How a Compiler Catches AI Mistakes Before They Run
A spell checker doesn't make you a better writer. It just catches errors you would have caught yourself eventually — only faster, and without the embarrassment. That's a useful tool, but it's not transformative.
Now imagine a spell checker that also understood grammar, logic, and the meaning of what you were trying to say. One that caught not just "teh" but "their/there/they're" and "the conclusion doesn't follow from the premises." That's a different category of tool.

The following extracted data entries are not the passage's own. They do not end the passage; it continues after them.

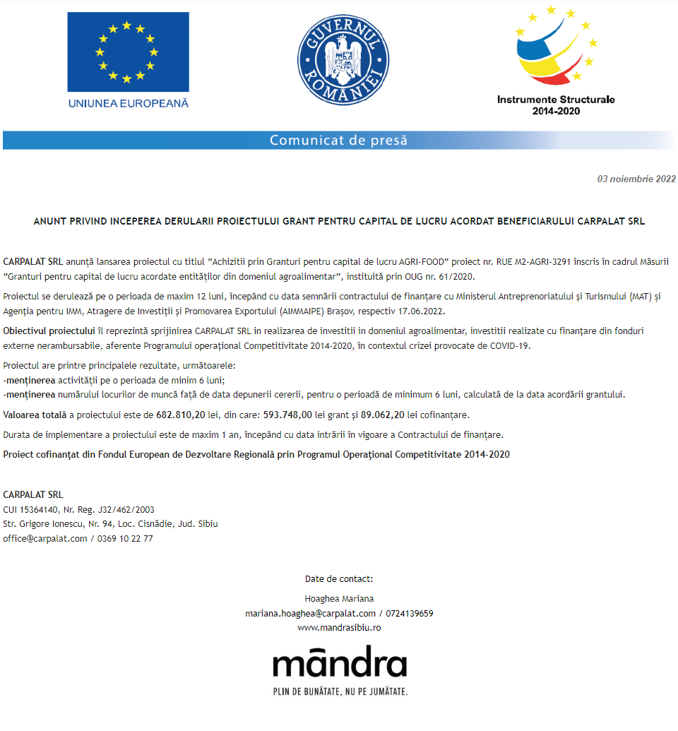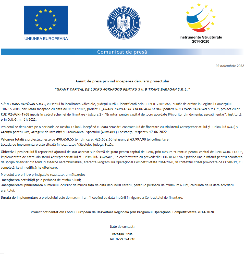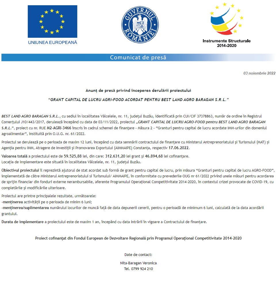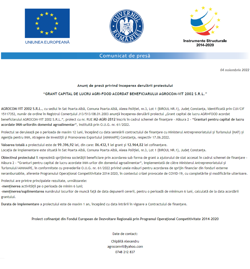 Anunț privind începerea derulării proiectului Grant capital de lucru AGRI-FOOD acordat beneficiarului AGROCOM-VIT 2002 S.R.L. Anunț privind începerea derulării proiectului Grant capital de lucru AGRI-FOOD acordat beneficiarului S.C. COMERT “M & CO” S.R.L. Anunț privind începerea derulării proiectului Grant capital de lucru AGRI-FOOD acordat beneficiarului BEST LAND AGRO BARAGAN S.R.L. Anunț privind începerea derulării proiectului Grant capital de lucru AGRI-FOOD acordat beneficiarului SC ROLOPAN SRL Anunț privind începerea derulării proiectului Grant capital de lucru AGRI-FOOD acordat beneficiarului S & B TRANS BARAGAN S.R.L. Anunț privind începerea derulării proiectului Grant capital de lucru AGRI-FOOD acordat beneficiarului SERENAS PROD S.R.L. Anunț privind începerea derulării proiectului Grant capital de lucru AGRI-FOOD acordat beneficiarului S.C. CARPALAT S.R.L. Anunț privind începerea derulării proiectului Grant capital de lucru AGRI-FOOD acordat beneficiarului MĂR DE BRAN S.R.L. Anunț privind începerea derulării proiectului Grant capital de lucru AGRI-FOOD acordat beneficiarului CAN-LEO S.R.L. Pagina 173 din 215«Prima pagină‹Anterioară164165166167168169170171172173174175176177178179180181182‹Următoare »Ultima pagină Publică Anunţ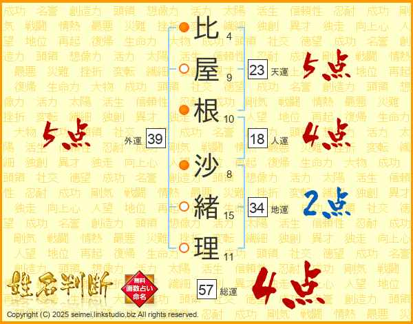 比(4画)屋(9画)根(10画) 沙(8画)緒(15画)理(11画)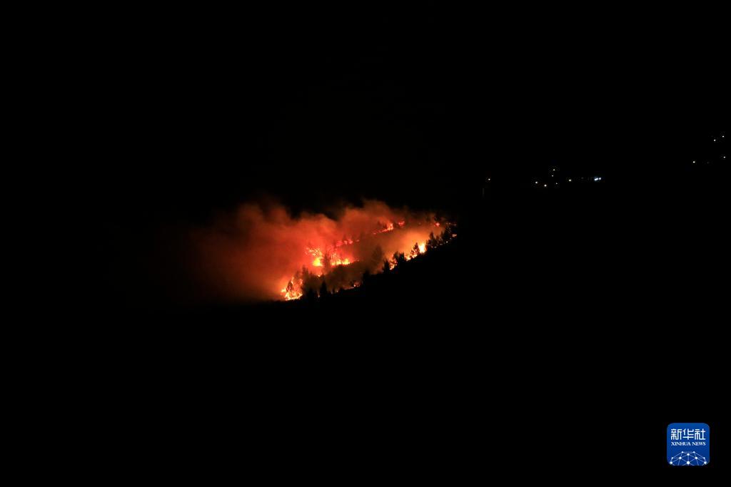 這張10月13日在黎巴嫩南部城鎮邁爾凱巴拍攝的照片顯示,以色列北部米斯加夫阿姆地區一處以軍軍事用地附近在黎以交火中起火。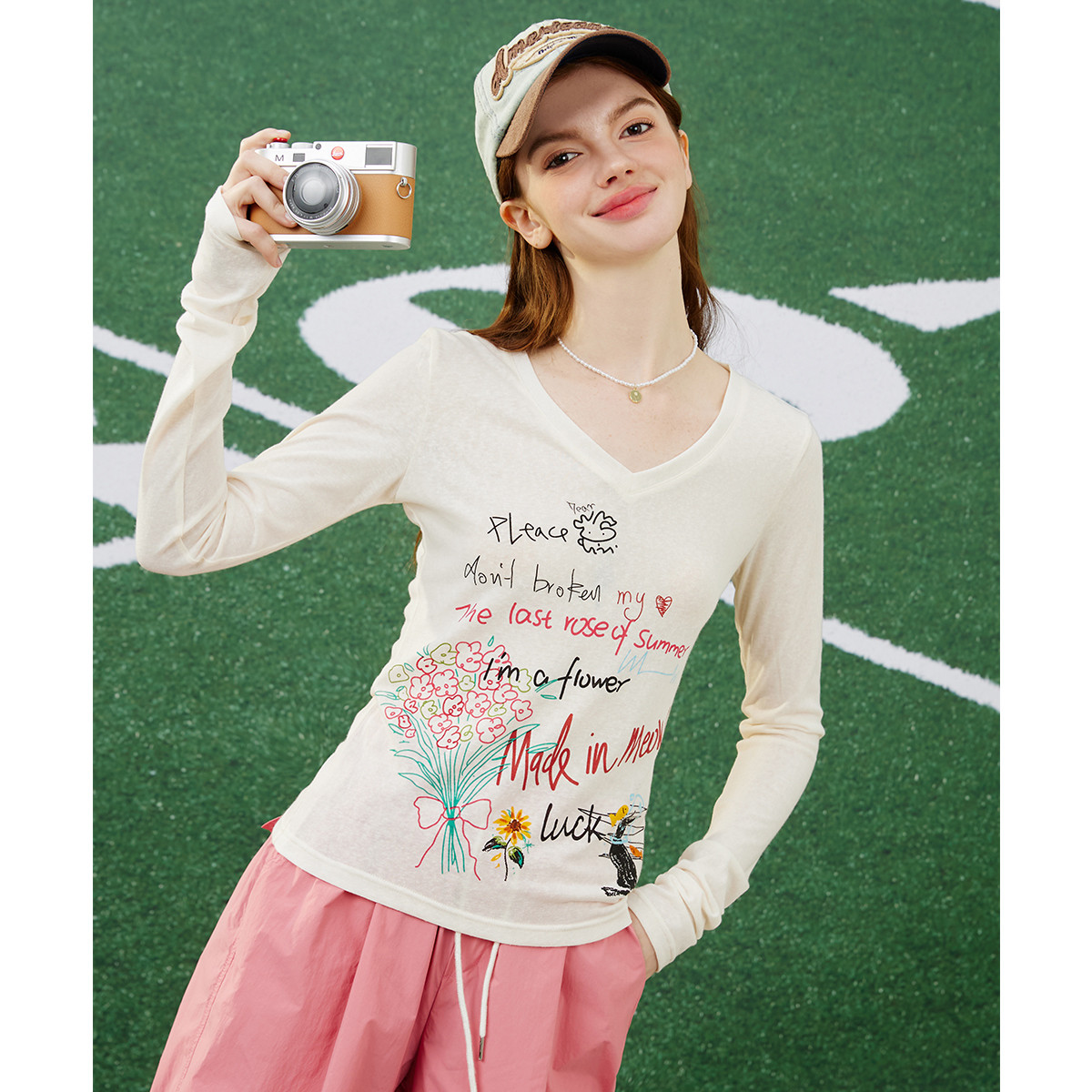 薄款涂鸦印花设计修身女式T恤春季V领正肩长袖上衣 852765

Synoema's compiler is trying to be the second kind of tool, specifically for LLM-generated code. Not just a syntax validator, but a three-layer verification system that catches different classes of error at different points in the pipeline. This article explains how each layer works and what it catches.
The Problem with Catching Errors Later
The conventional workflow for LLM-generated code is: generate, then validate. The model produces a program; a human (or an automated test) checks whether it works. If it doesn't, the human corrects it or prompts the model again.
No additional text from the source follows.